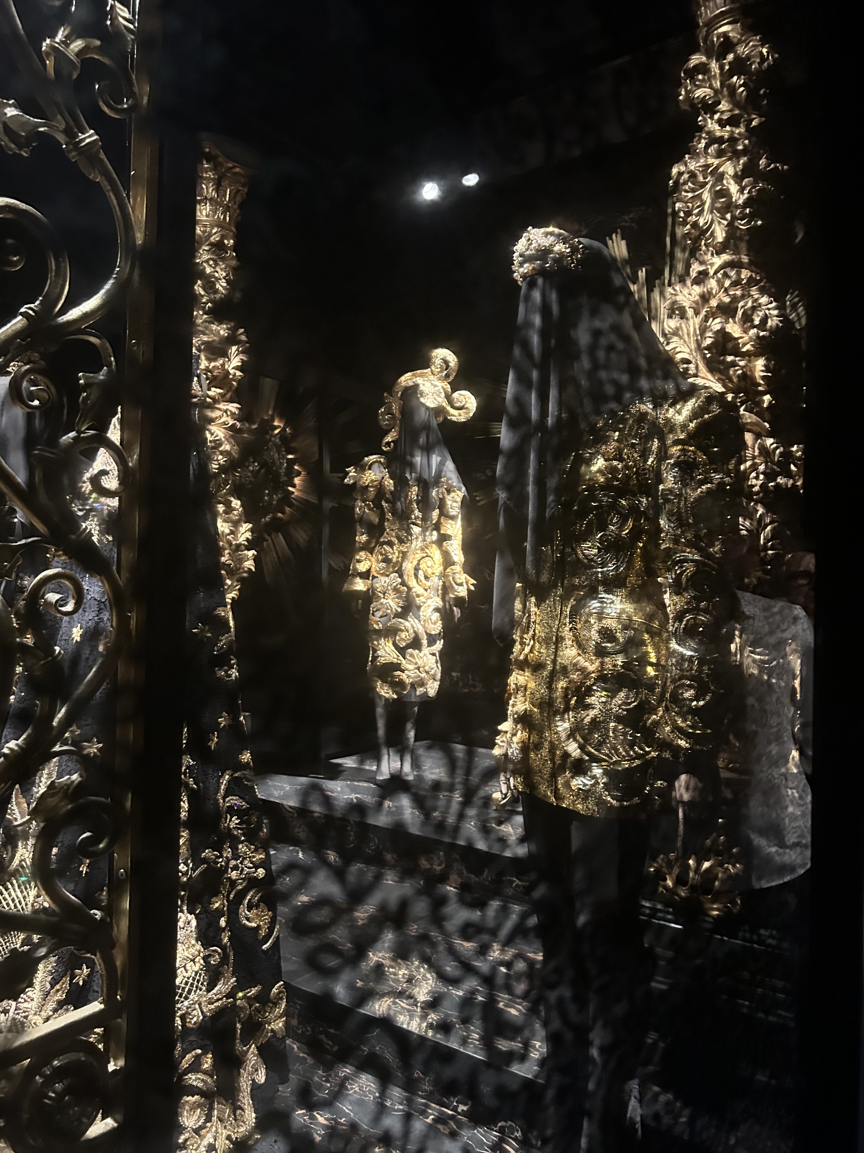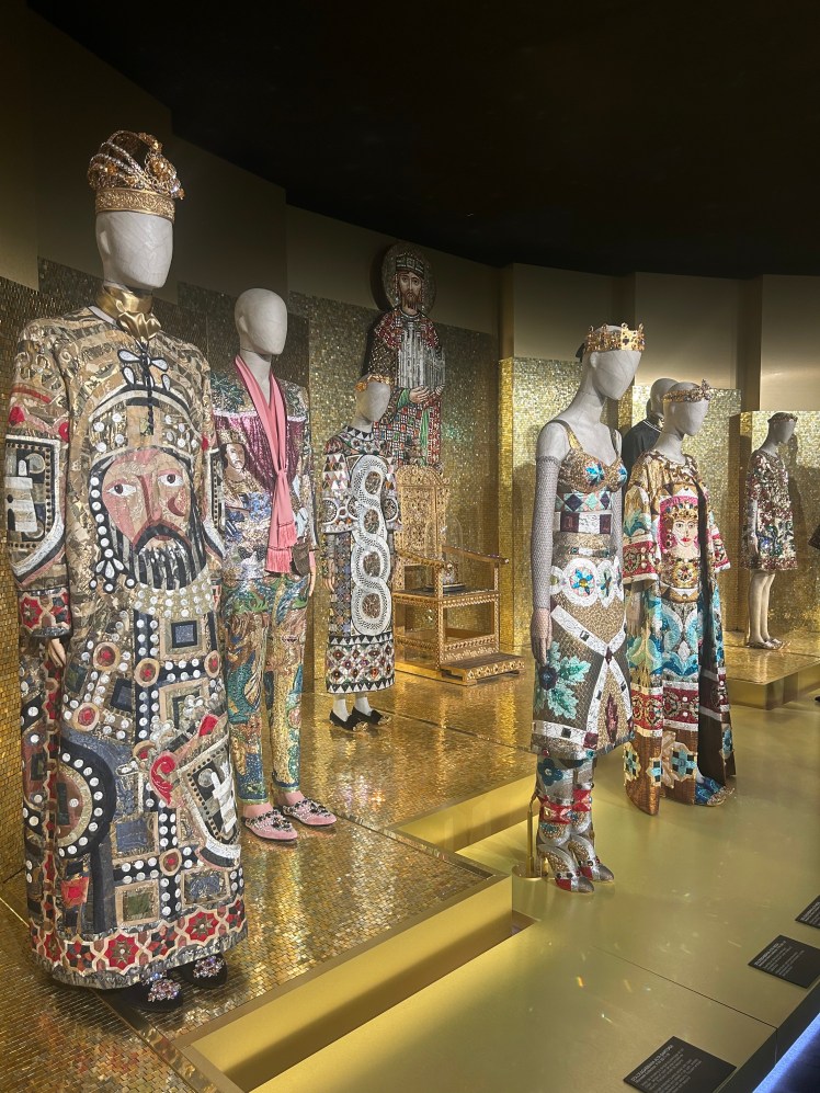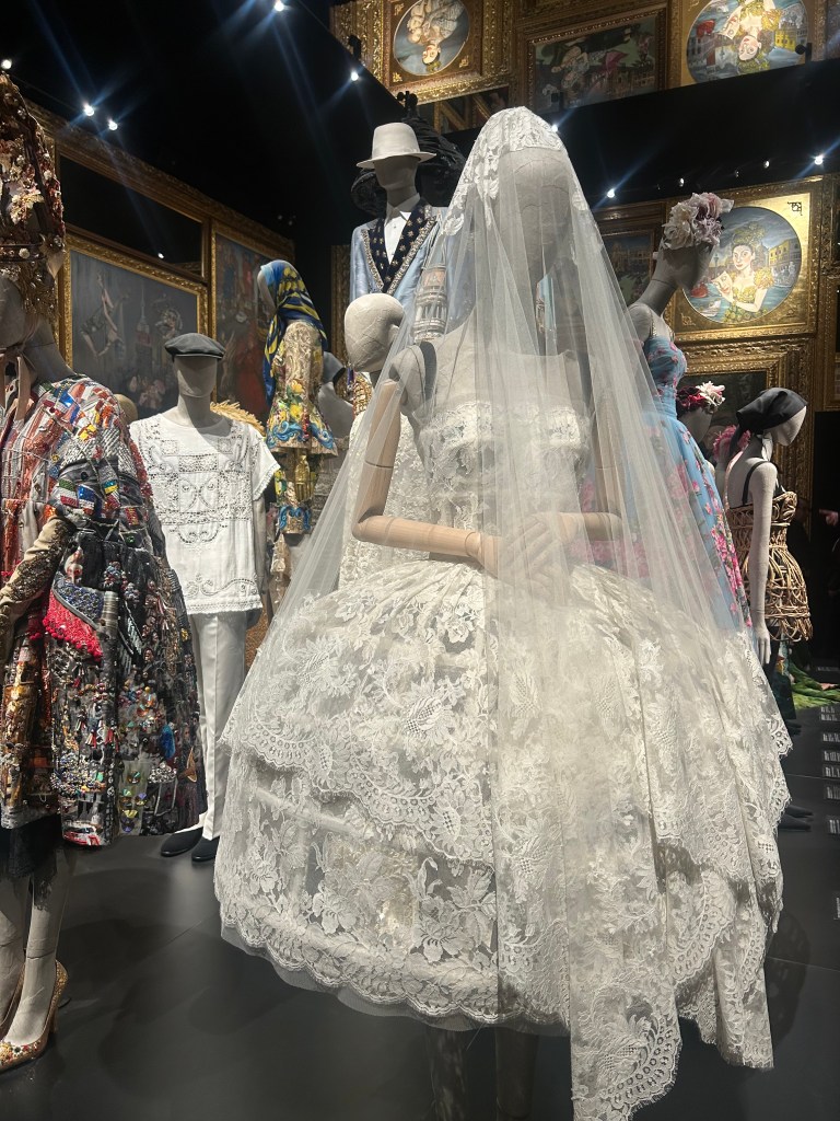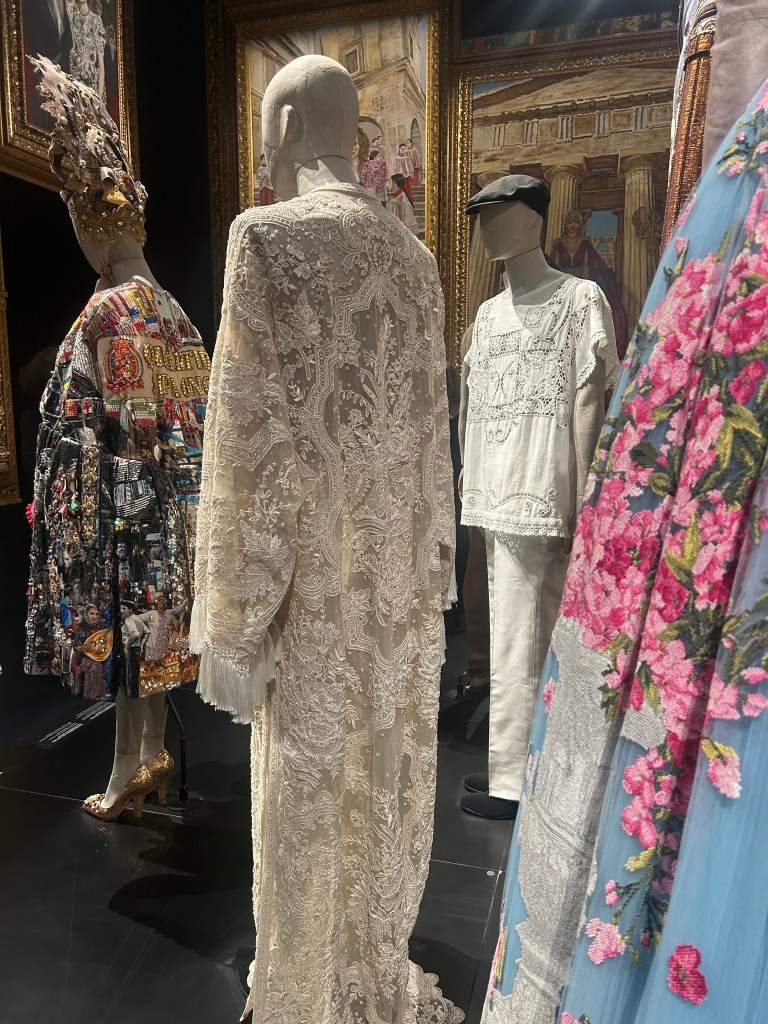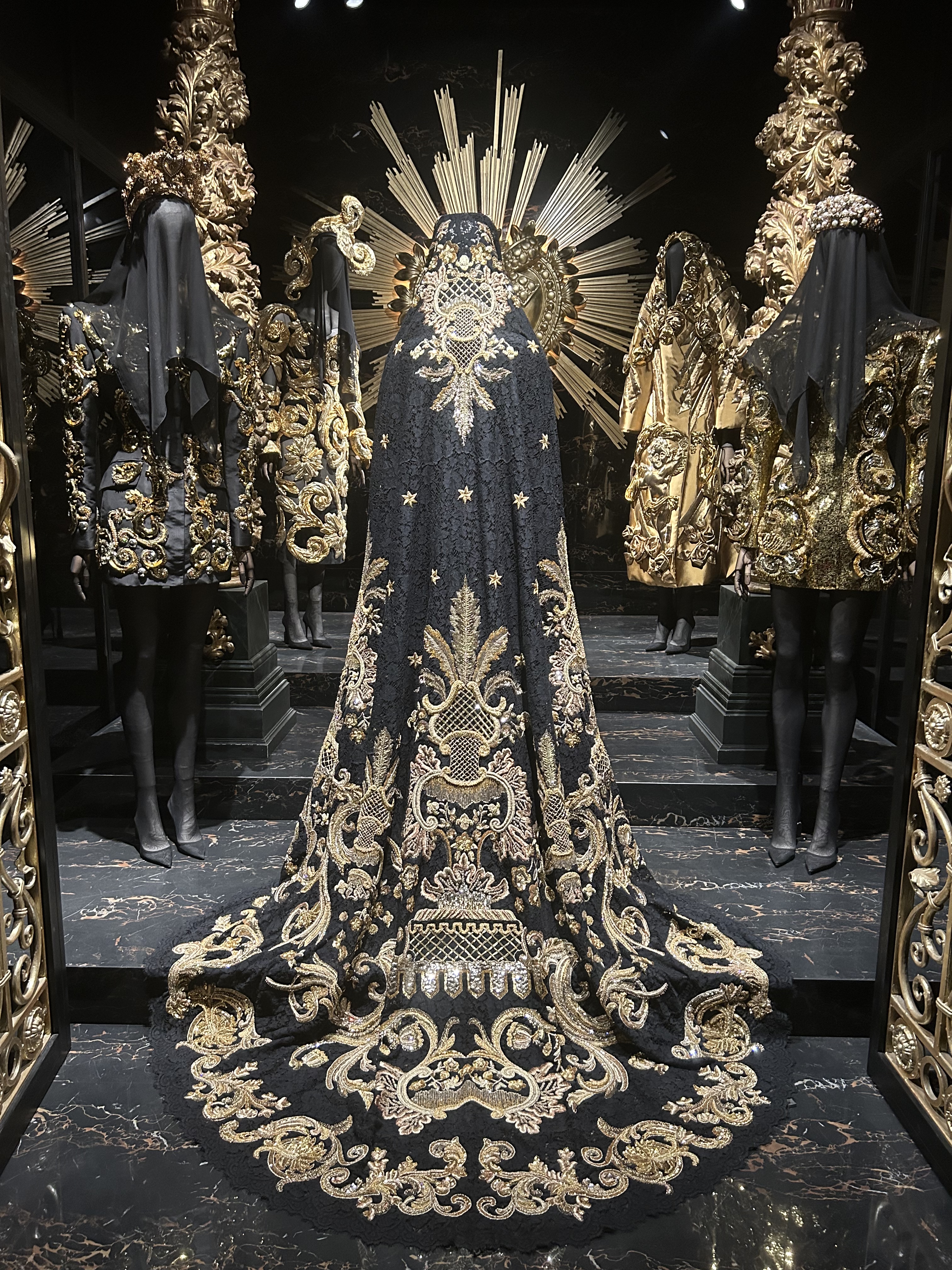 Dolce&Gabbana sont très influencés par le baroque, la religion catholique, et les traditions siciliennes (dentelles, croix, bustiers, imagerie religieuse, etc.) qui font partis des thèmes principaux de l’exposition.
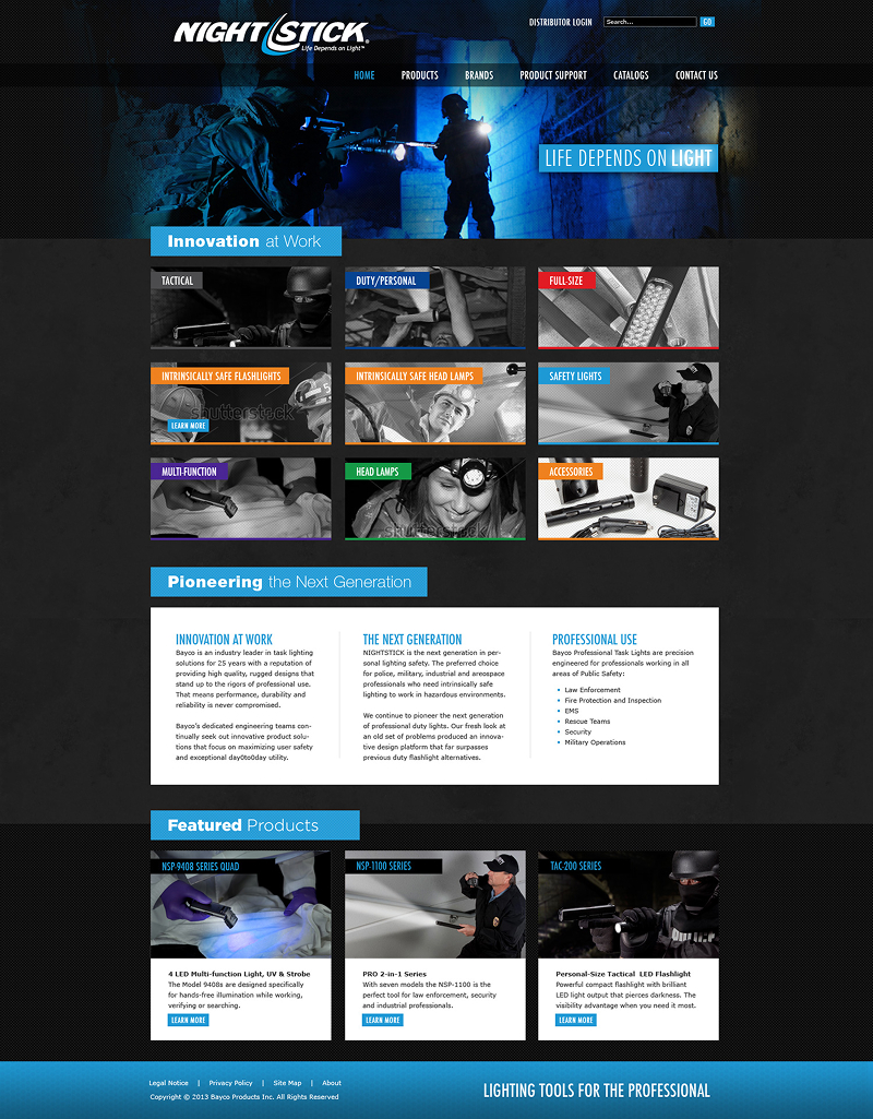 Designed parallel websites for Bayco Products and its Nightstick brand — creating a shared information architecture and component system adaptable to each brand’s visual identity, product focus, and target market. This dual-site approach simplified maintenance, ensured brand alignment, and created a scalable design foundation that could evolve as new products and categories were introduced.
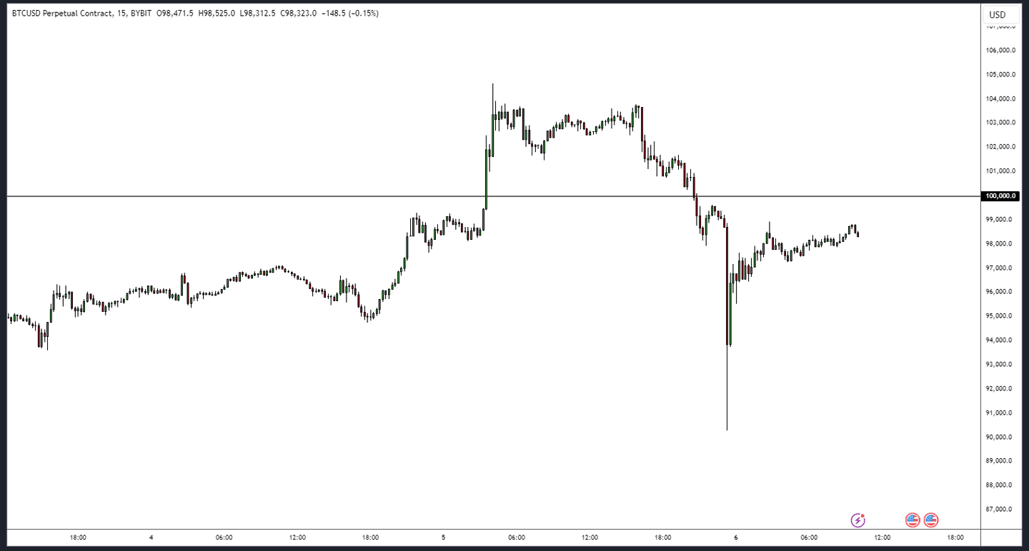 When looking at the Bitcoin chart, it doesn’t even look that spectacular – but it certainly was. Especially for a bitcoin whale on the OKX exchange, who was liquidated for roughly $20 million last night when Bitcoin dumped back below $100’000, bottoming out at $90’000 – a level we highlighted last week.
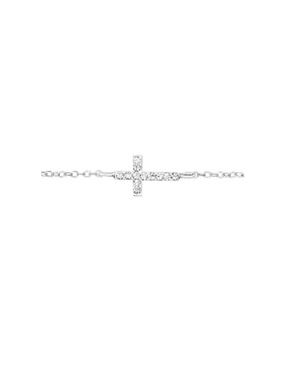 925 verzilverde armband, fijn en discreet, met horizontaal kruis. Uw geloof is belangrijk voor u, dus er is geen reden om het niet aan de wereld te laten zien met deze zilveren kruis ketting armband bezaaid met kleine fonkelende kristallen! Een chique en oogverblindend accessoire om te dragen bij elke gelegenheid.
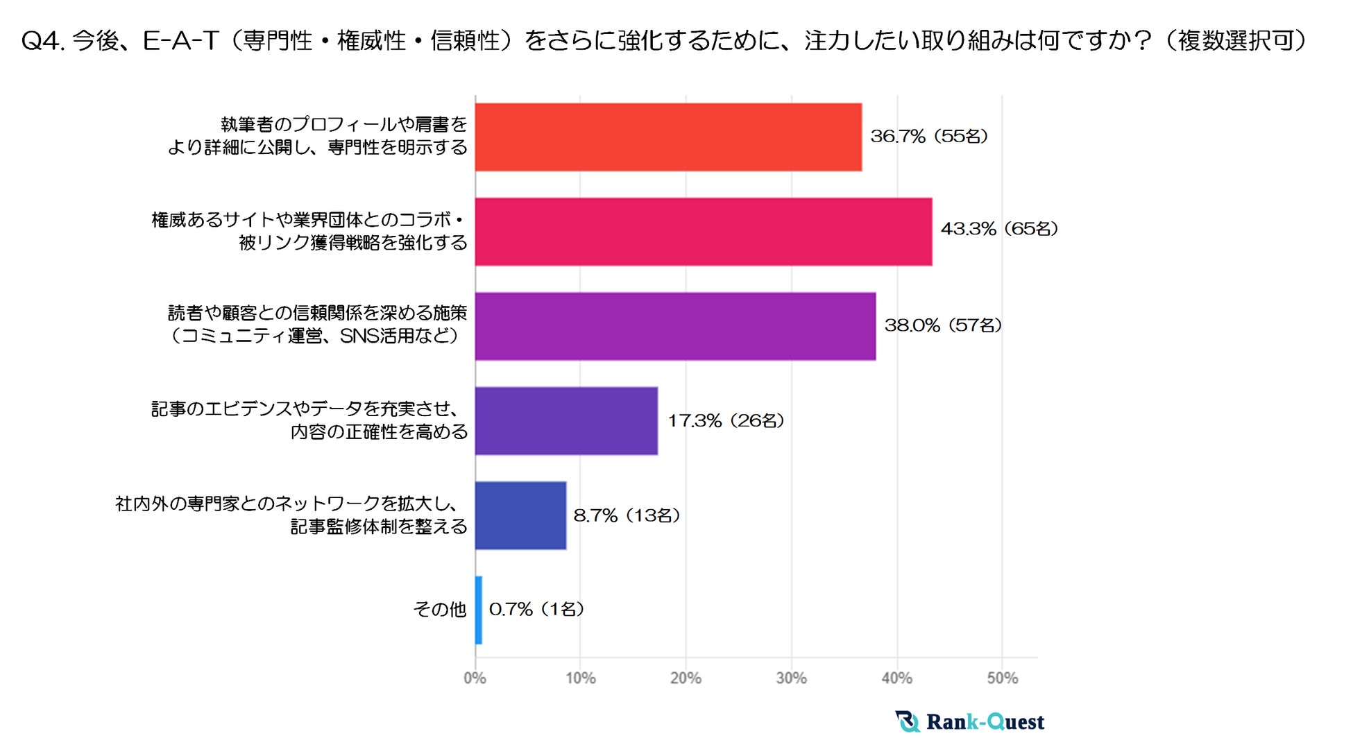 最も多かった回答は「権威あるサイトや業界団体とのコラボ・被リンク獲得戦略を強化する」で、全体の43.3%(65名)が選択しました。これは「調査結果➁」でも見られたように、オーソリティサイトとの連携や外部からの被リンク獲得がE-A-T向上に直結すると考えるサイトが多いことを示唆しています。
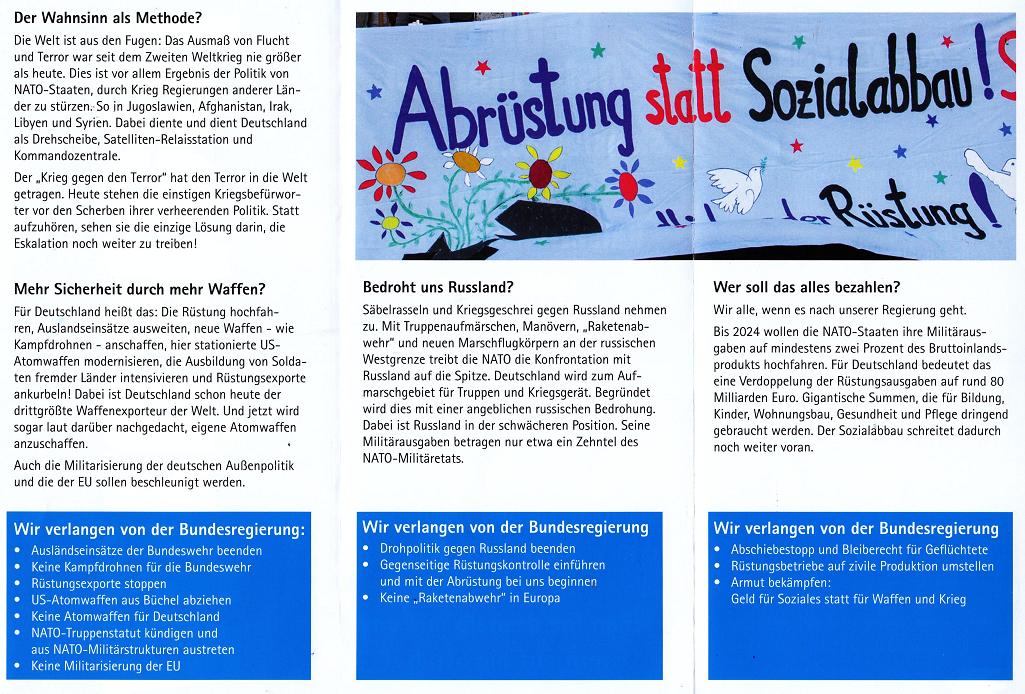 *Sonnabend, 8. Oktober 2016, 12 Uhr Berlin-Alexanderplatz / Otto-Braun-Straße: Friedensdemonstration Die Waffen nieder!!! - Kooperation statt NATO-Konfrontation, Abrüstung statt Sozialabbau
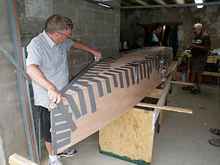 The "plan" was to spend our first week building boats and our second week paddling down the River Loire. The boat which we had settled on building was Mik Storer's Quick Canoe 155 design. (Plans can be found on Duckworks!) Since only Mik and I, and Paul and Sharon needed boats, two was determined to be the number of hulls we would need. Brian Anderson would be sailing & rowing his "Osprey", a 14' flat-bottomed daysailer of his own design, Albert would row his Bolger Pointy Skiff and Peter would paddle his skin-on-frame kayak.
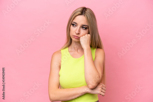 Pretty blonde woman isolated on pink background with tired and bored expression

Aim of the task
Type out the data above once more, exactly, with no images included.

Output for this task
 Dolce&Gabbana sont très influencés par le baroque, la religion catholique, et les traditions siciliennes (dentelles, croix, bustiers, imagerie religieuse, etc.) qui font partis des thèmes principaux de l’exposition.
 Designed parallel websites for Bayco Products and its Nightstick brand — creating a shared information architecture and component system adaptable to each brand’s visual identity, product focus, and target market. This dual-site approach simplified maintenance, ensured brand alignment, and created a scalable design foundation that could evolve as new products and categories were introduced.
 When looking at the Bitcoin chart, it doesn’t even look that spectacular – but it certainly was. Especially for a bitcoin whale on the OKX exchange, who was liquidated for roughly $20 million last night when Bitcoin dumped back below $100’000, bottoming out at $90’000 – a level we highlighted last week.
 925 verzilverde armband, fijn en discreet, met horizontaal kruis. Uw geloof is belangrijk voor u, dus er is geen reden om het niet aan de wereld te laten zien met deze zilveren kruis ketting armband bezaaid met kleine fonkelende kristallen! Een chique en oogverblindend accessoire om te dragen bij elke gelegenheid.
 最も多かった回答は「権威あるサイトや業界団体とのコラボ・被リンク獲得戦略を強化する」で、全体の43.3%(65名)が選択しました。これは「調査結果➁」でも見られたように、オーソリティサイトとの連携や外部からの被リンク獲得がE-A-T向上に直結すると考えるサイトが多いことを示唆しています。
 *Sonnabend, 8. Oktober 2016, 12 Uhr Berlin-Alexanderplatz / Otto-Braun-Straße: Friedensdemonstration Die Waffen nieder!!! - Kooperation statt NATO-Konfrontation, Abrüstung statt Sozialabbau
 The "plan" was to spend our first week building boats and our second week paddling down the River Loire. The boat which we had settled on building was Mik Storer's Quick Canoe 155 design. (Plans can be found on Duckworks!) Since only Mik and I, and Paul and Sharon needed boats, two was determined to be the number of hulls we would need. Brian Anderson would be sailing & rowing his "Osprey", a 14' flat-bottomed daysailer of his own design, Albert would row his Bolger Pointy Skiff and Peter would paddle his skin-on-frame kayak.
 Pretty blonde woman isolated on pink background with tired and bored expression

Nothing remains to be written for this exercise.